ACTION ITEM -
From the material below, please set down exactly the lines starting with the one with "ราวผ้าม่าน 25 มม." and going on through the one with "A young woman", without a single picture.

INFORMATION -
►
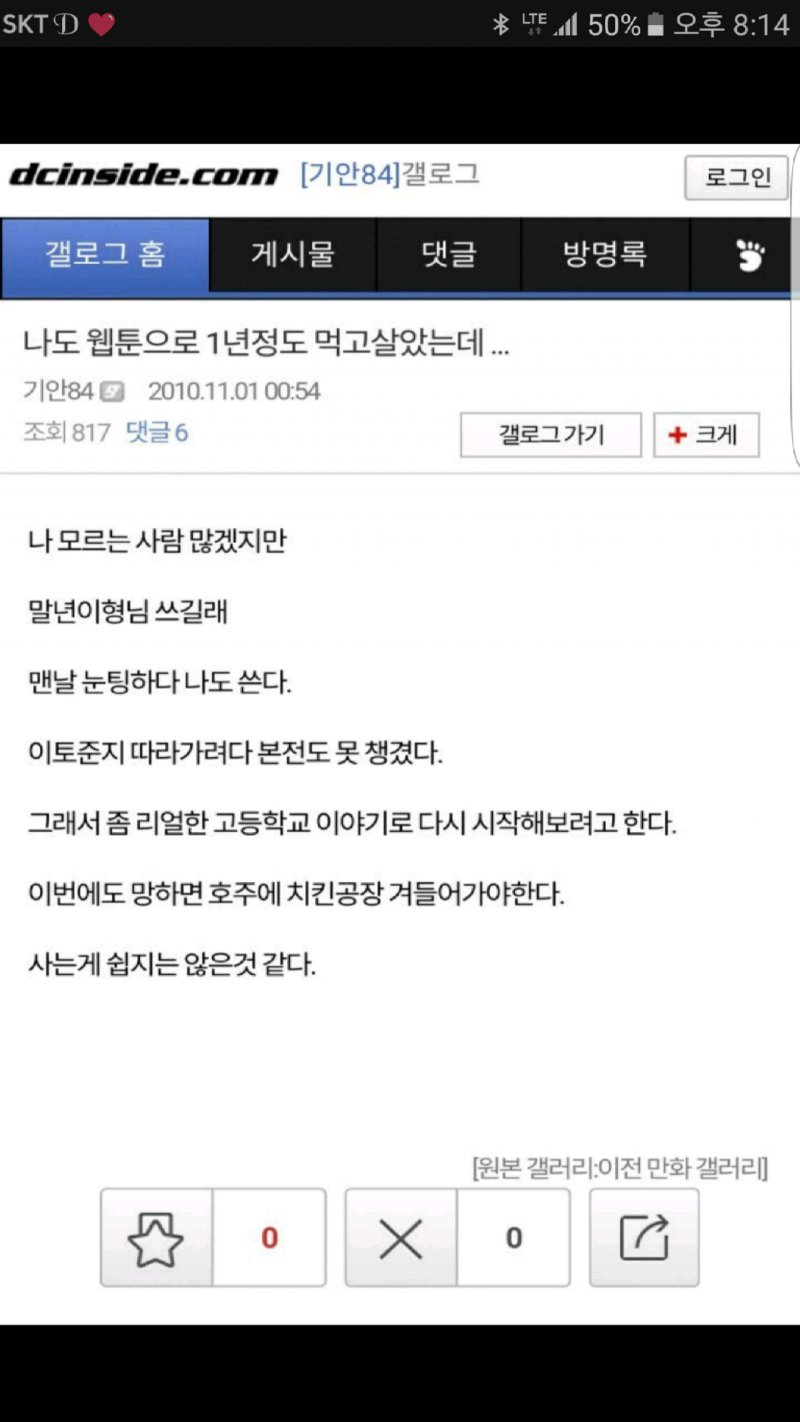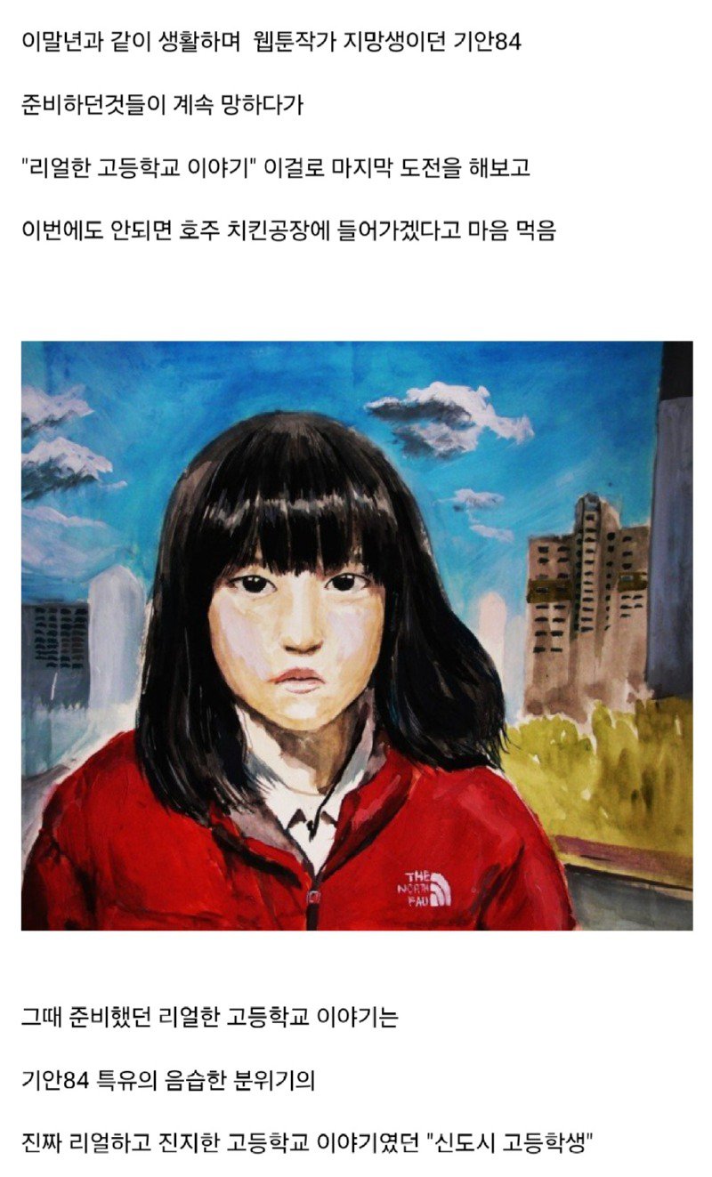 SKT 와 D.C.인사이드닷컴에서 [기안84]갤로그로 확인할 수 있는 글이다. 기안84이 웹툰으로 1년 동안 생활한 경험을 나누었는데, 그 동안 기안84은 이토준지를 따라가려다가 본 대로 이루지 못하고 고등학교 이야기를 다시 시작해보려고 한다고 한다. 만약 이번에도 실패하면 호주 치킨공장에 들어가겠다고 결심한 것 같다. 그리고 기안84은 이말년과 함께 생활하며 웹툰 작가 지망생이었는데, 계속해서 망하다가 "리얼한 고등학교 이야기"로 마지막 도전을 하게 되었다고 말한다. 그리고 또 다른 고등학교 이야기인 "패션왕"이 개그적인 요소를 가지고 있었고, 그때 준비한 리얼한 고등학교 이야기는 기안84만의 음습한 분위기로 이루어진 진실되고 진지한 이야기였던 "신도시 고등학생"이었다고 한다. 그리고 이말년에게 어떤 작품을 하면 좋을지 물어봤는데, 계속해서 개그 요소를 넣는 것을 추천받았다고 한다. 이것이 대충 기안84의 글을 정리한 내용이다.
◄
►
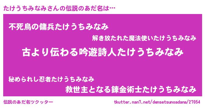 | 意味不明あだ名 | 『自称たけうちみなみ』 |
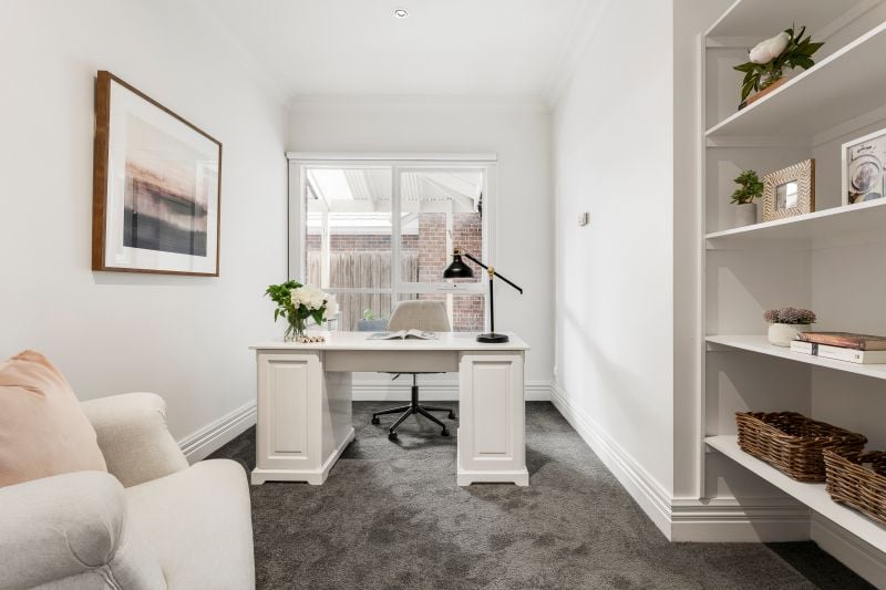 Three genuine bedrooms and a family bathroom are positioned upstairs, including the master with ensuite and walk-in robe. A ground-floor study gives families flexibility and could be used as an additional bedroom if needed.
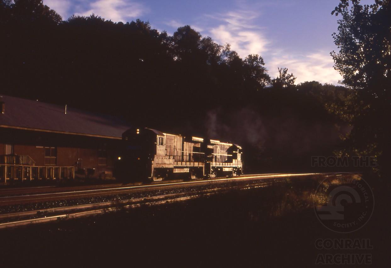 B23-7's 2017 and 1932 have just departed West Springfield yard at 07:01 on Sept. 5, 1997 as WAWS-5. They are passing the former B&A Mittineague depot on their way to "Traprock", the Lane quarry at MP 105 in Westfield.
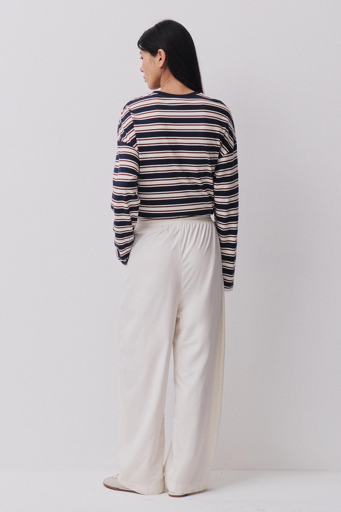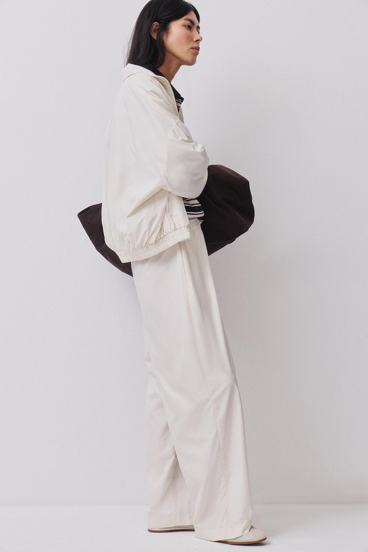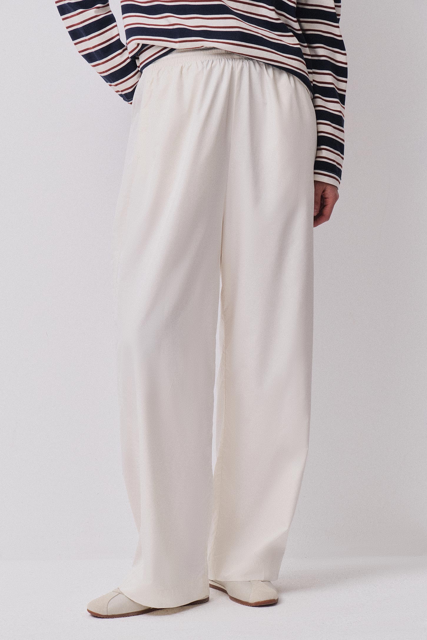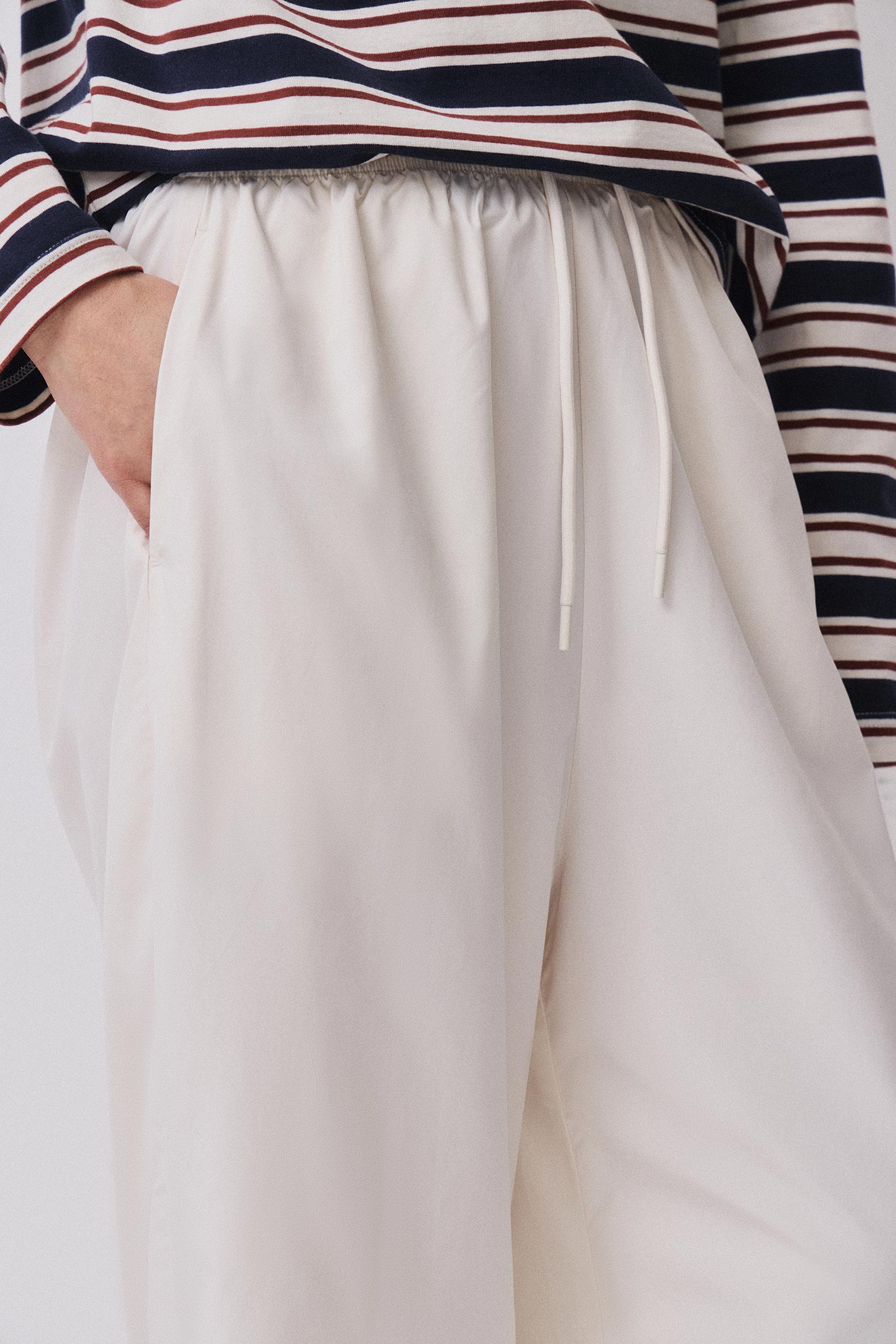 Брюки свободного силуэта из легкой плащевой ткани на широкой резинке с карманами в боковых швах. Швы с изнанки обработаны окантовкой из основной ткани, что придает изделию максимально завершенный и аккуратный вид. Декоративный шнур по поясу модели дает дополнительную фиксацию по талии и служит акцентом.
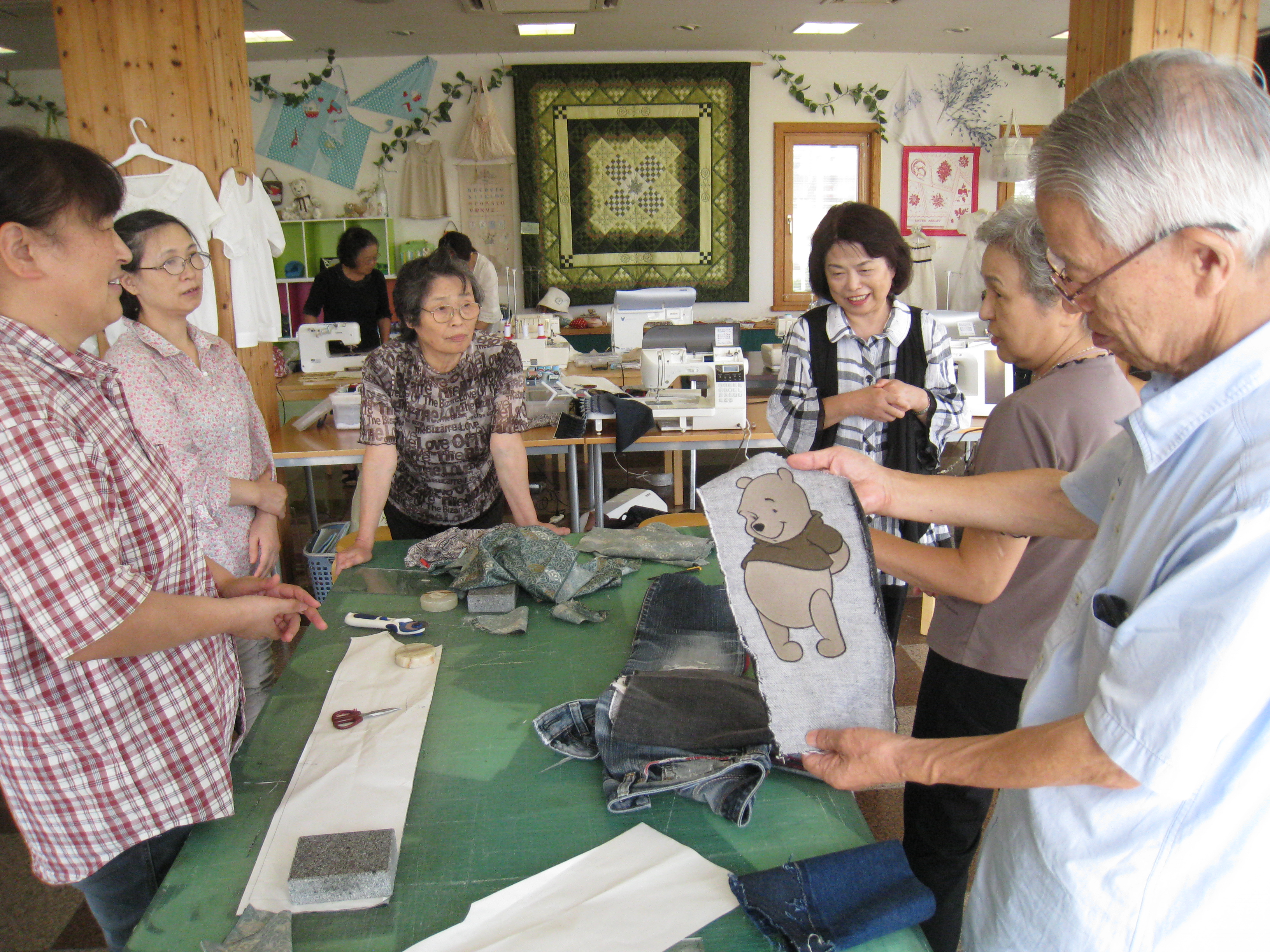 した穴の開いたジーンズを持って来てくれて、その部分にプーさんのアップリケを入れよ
◄
►
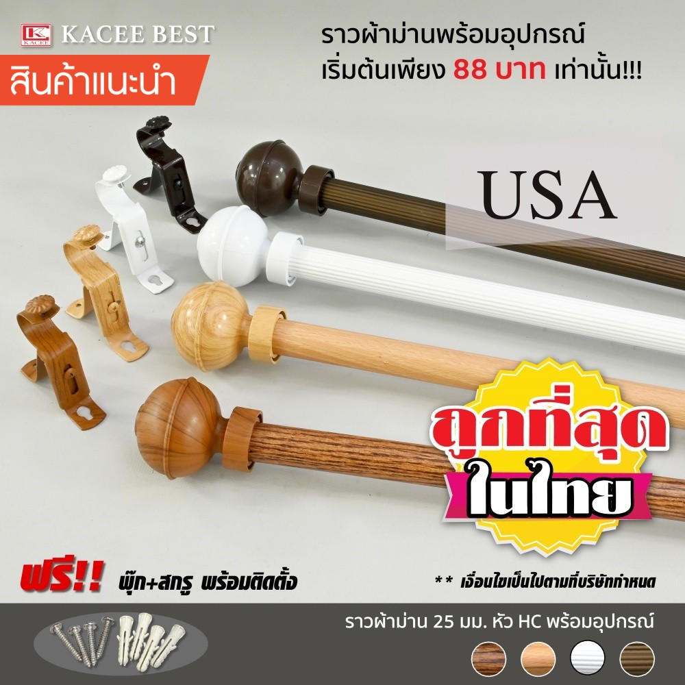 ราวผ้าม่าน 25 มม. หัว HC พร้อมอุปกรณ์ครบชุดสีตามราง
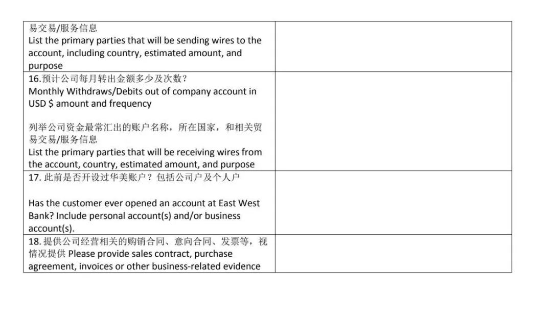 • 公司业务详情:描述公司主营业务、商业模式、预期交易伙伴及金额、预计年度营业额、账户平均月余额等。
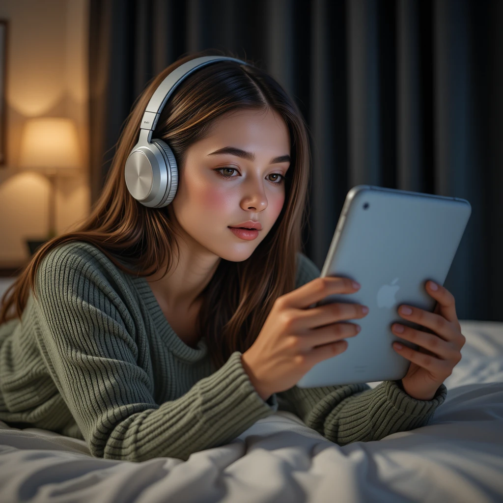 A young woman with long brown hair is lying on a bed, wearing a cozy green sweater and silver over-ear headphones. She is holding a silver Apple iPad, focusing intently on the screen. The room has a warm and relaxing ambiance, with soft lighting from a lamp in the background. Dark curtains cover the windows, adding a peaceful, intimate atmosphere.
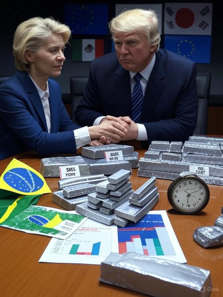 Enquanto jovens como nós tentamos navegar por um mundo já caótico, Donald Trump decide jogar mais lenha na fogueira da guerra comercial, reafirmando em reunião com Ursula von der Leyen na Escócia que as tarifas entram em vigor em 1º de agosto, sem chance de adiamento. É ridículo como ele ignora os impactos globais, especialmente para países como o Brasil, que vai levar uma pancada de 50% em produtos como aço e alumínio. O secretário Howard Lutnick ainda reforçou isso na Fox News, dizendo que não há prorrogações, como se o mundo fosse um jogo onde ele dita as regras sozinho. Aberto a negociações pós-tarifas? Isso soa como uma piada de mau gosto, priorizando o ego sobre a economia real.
◄
THE COMPLETED TASK -
 ราวผ้าม่าน 25 มม. หัว HC พร้อมอุปกรณ์ครบชุดสีตามราง
 • 公司业务详情:描述公司主营业务、商业模式、预期交易伙伴及金额、预计年度营业额、账户平均月余额等。
 A young woman with long brown hair is lying on a bed, wearing a cozy green sweater and silver over-ear headphones. She is holding a silver Apple iPad, focusing intently on the screen. The room has a warm and relaxing ambiance, with soft lighting from a lamp in the background. Dark curtains cover the windows, adding a peaceful, intimate atmosphere.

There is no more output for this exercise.